Jane Eyre (1847) - Novel by Charlotte Bronte-  Chapter 27  CHAPTER  XXVII
"You know I am a scoundrel, Jane?" ere long he inquired wistfully wondering, I suppose, at my continued silence and tameness, the result rather of weakness than of will.
"Yes, sir."
"Concealing the mad-woman's neighbourhood from you, however, was something like covering a child with a cloak and laying it down near a upas-tree:  that demon's vicinage is poisoned, and always was.
But I'll shut up Thornfield Hall:  I'll nail up the front door and board the lower windows:  I'll give Mrs. Poole two hundred a year to live here with MY WIFE, as you term that fearful hag:  Grace will do much for money, and she shall have her son, the keeper at Grimsby Retreat, to bear her company and be at hand to give her aid in the
paroxysms, when MY WIFE is prompted by her familiar to burn people in their beds at night, to stab them, to bite their flesh from their bones, and so on--"…
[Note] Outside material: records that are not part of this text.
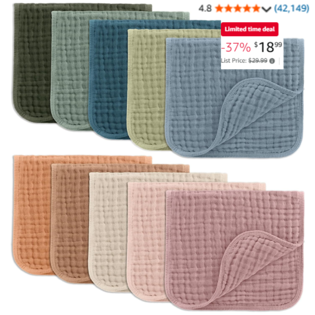 Save 37% instantly on Muslin Burp Cloths 20″ x 10″, Pack of 10—no coupon or promo code required! This limited-time offer won’t last long.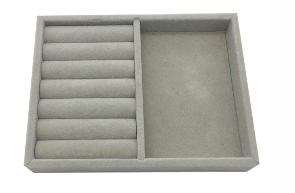 高見えするグレーのベロア・内装トレイ。実は「36番の3段ケース」にシンデレラフィットします。この組み合わせが最強です。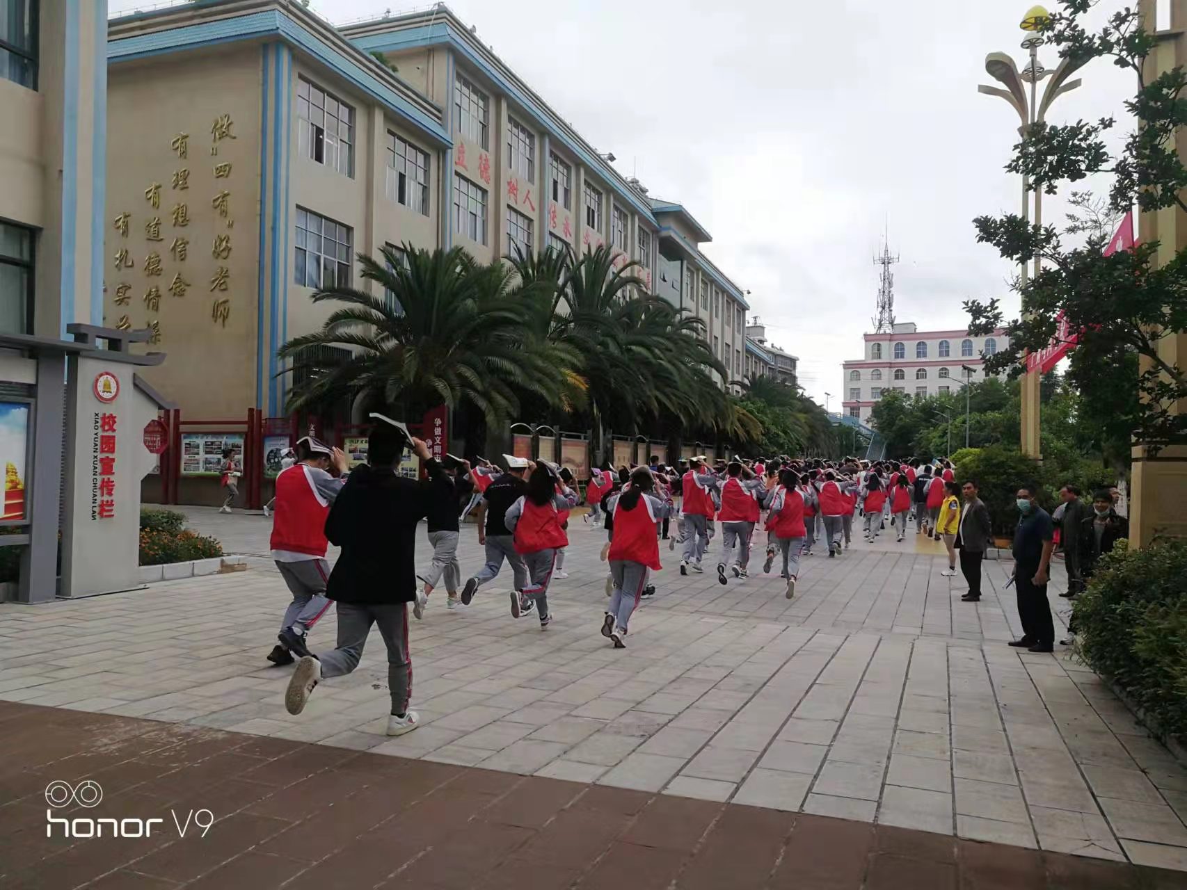 9时15分,随着地震警报响起,全体高三学生在老师的指挥下,双手护头,按照演练方案有序撤离,700余名学生在不到2分钟的时间内全部到达学校指定的紧急疏散点有序集合。演练过程中,同学们行动迅速、不慌不乱、有序疏散,演练全过程没有出现任何问题,演练活动达到了预期目的。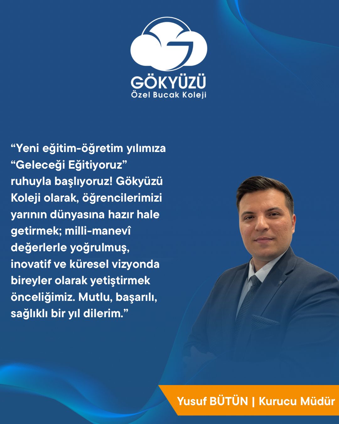GÖKYÜZÜ KURS MERKEZİ ve GÖKYÜZÜ ÖZEL BUCAK KOLEJİ olarak biz, sorgulayan genç beyinlerin bizimle öğrenmesi ve büyümesi için destekleyici ve ilham verici eğitim ortamları sunuyoruz. Öğrenme tutkumuz, olağanüstü sonuçlardan daha fazlasını elde ettiğimiz anlamına gelir. Kendine güvenen ve yaratıcı düşünürler yetiştirmeye çalışıyoruz ve onların geleceğine tecrübeli öğretmen kadromuzla gerçekten uygun bir eğitim sunmayı hedefliyoruz.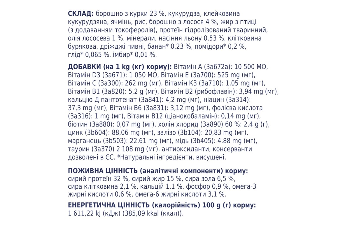 Состав: Мука из курицы 23%, кукуруза, клейковина кукурузная, ячмень, рис, мука из лосося 4%, жир из птицы (с добавлением токоферолов), протеин гидролизованный животный, масло лосося 1%, минералы, семена льна 5 пивные, банан*0,23%, помидоры*0,2%, боярышник*0,065%, имбирь*0,01%.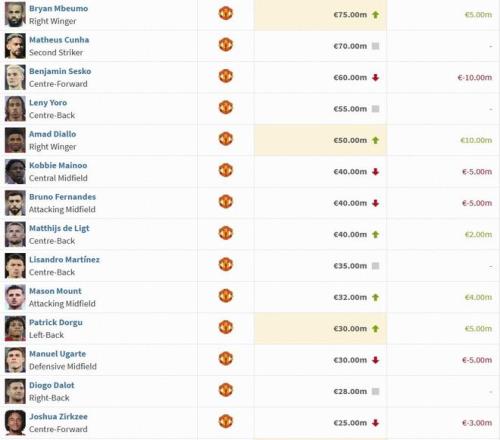 曼联球员身价变动:B费下跌至4000万欧,阿马德迪亚洛上涨1000万欧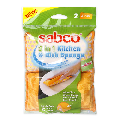 Sabco 2 in 1 Kitchen & Dish Sponge 11 x 6cm 2pk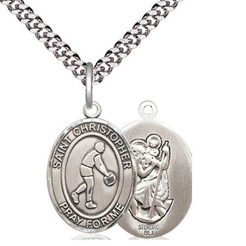 St. Christopher/Basketball Medal. Medal Measures 3/4-inch tall by 1/2-inch wide. Chain is 20 Inches in length. Heavy Curb Chain with Lobster Claw ...

"I must leave Adele and Thornfield.  I must part with you for my whole life:  I must begin a new existence among strange faces and strange scenes."…
"Well, Jane, being so, it was his resolution to keep the property together; he could not bear the idea of dividing his estate and leaving me a fair portion:  all, he resolved, should go to my brother, Rowland.  Yet as little could he endure that a son of his should be a poor man.  I must be provided for by a wealthy marriage.
He sought me a partner betimes.  Mr. Mason, a West India planter and merchant, was his old acquaintance.  He was certain his possessions were real and vast:  he made inquiries.  Mr. Mason, he found, had a
son and daughter; and he learned from him that he could and would give the latter a fortune of thirty thousand pounds:  that sufficed. When I left college, I was sent out to Jamaica, to espouse a bride already courted for me.  My father said nothing about her money; but he told me Miss Mason was the boast of Spanish Town for her beauty: and this was no lie.  I found her a fine woman, in the style of Blanche Ingram:  tall, dark, and majestic.  Her family wished to secure me because I was of a good race; and so did she.  They showed her to me in parties, splendidly dressed.  I seldom saw her alone, and had very little private conversation with her.  She flattered me, and lavishly displayed for my pleasure her charms and accomplishments.  All the men in her circle seemed to admire her and envy me.  I was dazzled, stimulated:  my senses were excited; and being ignorant, raw, and inexperienced, I thought I loved her. There is no folly so besotted that the idiotic rivalries of society, the prurience, the rashness, the blindness of youth, will not hurry a man to its commission.  Her relatives encouraged me; competitors piqued me; she allured me:  a marriage was achieved almost before I knew where I was.  Oh, I have no respect for myself when I think of that act!--an agony of inward contempt masters me.  I never loved, I never esteemed, I did not even know her.  I was not sure of the existence of one virtue in her nature:  I had marked neither modesty, nor benevolence, nor candour, nor refinement in her mind or manners--and, I married her:- gross, grovelling, mole-eyed blockhead that I was!  With less sin I might have--But let me remember to whom I am speaking."


"My bride's mother I had never seen:  I understood she was dead. The honeymoon over, I learned my mistake; she was only mad, and shut up in a lunatic asylum.  There was a younger brother, too—a complete dumb idiot.  The elder one, whom you have seen (and whom I cannot hate, whilst I abhor all his kindred, because he has some grains of affection in his feeble mind, shown in the continued interest he takes in his wretched sister, and also in a dog-like attachment he once bore me), will probably be in the same state one day.  My father and my brother Rowland knew all this; but they thought only of the thirty thousand pounds, and joined in the plot against me."…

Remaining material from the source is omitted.